(Bloomberg) -- Euro-area inflation accelerated less than initially estimated last month, a setback for European Central Bank policy makers as they consider winding down unprecedented stimulus.
Consumer prices in the 19-country bloc rose just 1.3 percent in March from a year earlier, according the European Union’s statistical office. While that’s up from 1.1 percent the previous month, the reading falls short of a 1.4 percent initial estimate.
Core inflation, which strips out volatile components such as food and fuel, held at 1 percent for a third month. Bloomberg Economics noted that its supercore measure -- which tracks domestically generated pressure -- picked up to 1.2 percent from 1.1 percent. That’s the highest in four years.

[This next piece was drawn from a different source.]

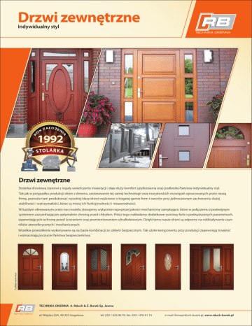 Drzwi zewnętrzne Indywidualny styl 1992 Drzwi zewnętrzne Stolarka drzwiowa stanowi z reguły uwieńczenie inwestycji i daje duży komfort użytkowania oraz podkreśla Państwa indywidualny styl. Tak jak w przypadku produkcji okien z drewna, zastosowanie tej samej technologii oraz nowatorskich rozwiązań opracowanych przez naszą firmę, pozwala nam produkować wysokiej klasy drzwi wejściowe o bogatej gamie form i wzorów przy jednoczesnym zachowaniu dużej stabilności i wytrzymałości, które są miarą ich funkcjonalności i niezawodności. W każdym oferowanym przez nas modelu stosujemy wyłącznie najwyższej jakości mechanizmy zamykające, które w połączeniu z podwójnym systemem uszczelniającym optymalnie chronią przed chłodem. Prócz tego nakładamy dodatkowe warstwy farb o podwyższonych parametrach, zapewniających ochronę przed ścieraniem oraz promieniowaniem ultrafioletowym. Dzięki temu nasze drzwi są odporne na oddziaływanie czynników atmosferycznych i mechanicznych. Wszelkie przeszklenia wykonywane są na bazie kombinacji ze szkłem bezpiecznym. Tak użyte komponenty przy produkcji zapewniają trwałość Przykłady wzorów drzwi i wzmacniają poczucie Państwa bezpieczeństwa. TECHNIKA OKIENNA A. Rduch & Z. Borek Sp. Jawna ul. Wiejska 55A, 44-323 Gogołowa tel. 032 / 476 06 70, fax. 032 / 476 01 14 e-mail: [email protected], www.rduch-borek.pl
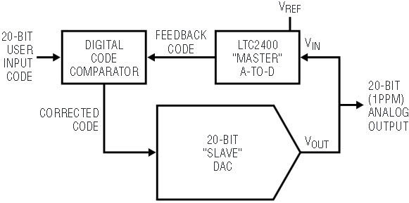 In practice, the “slave” 20-bit DAC’s output is monitored by the “master” LTC2400 A-to-D, which feeds digital information to a code comparator. The code comparator differences the user input word with the LTC2400 output, presenting a corrected code to the slave DAC. In this fashion, the slave DAC’s drifts and nonlinearity are continuously corrected by the loop to an accuracy determined by the A-to-D converter and VREF.2 No other components in the loop need to be stable.

What Our Economists Say:Underlying inflation accelerated slightly in April. That’s good news for the European Central Bank. While the move is too small for it to significantly shift the outlook for monetary policy, it will allow the Governing Council to continue moving toward the exit from its quantitative easing program.
--David Powell, Jamie Murray, Bloomberg Economics
For more, see our Euro-Area React
A recent slowdown in economic data hasn’t yet eroded confidence among ECB officials, who will next set policy on April 26, that inflation will return gradually to their goal of close to but below 2 percent. At the same time, there are different views among rate setters about when and how to scale back an asset-purchase program introduced more than three years ago to stoke price pressures.
While Germany’s Jens Weidmann and Estonia’s Ardo Hansson have expressed their preference for a faster exit, ECB Executive Board member Peter Praet is among those more cautious. He argued this week that an ample degree of stimulus remains necessary, given “subdued” inflation developments. Policy makers must be “patient, persistent and prudent,” he also said.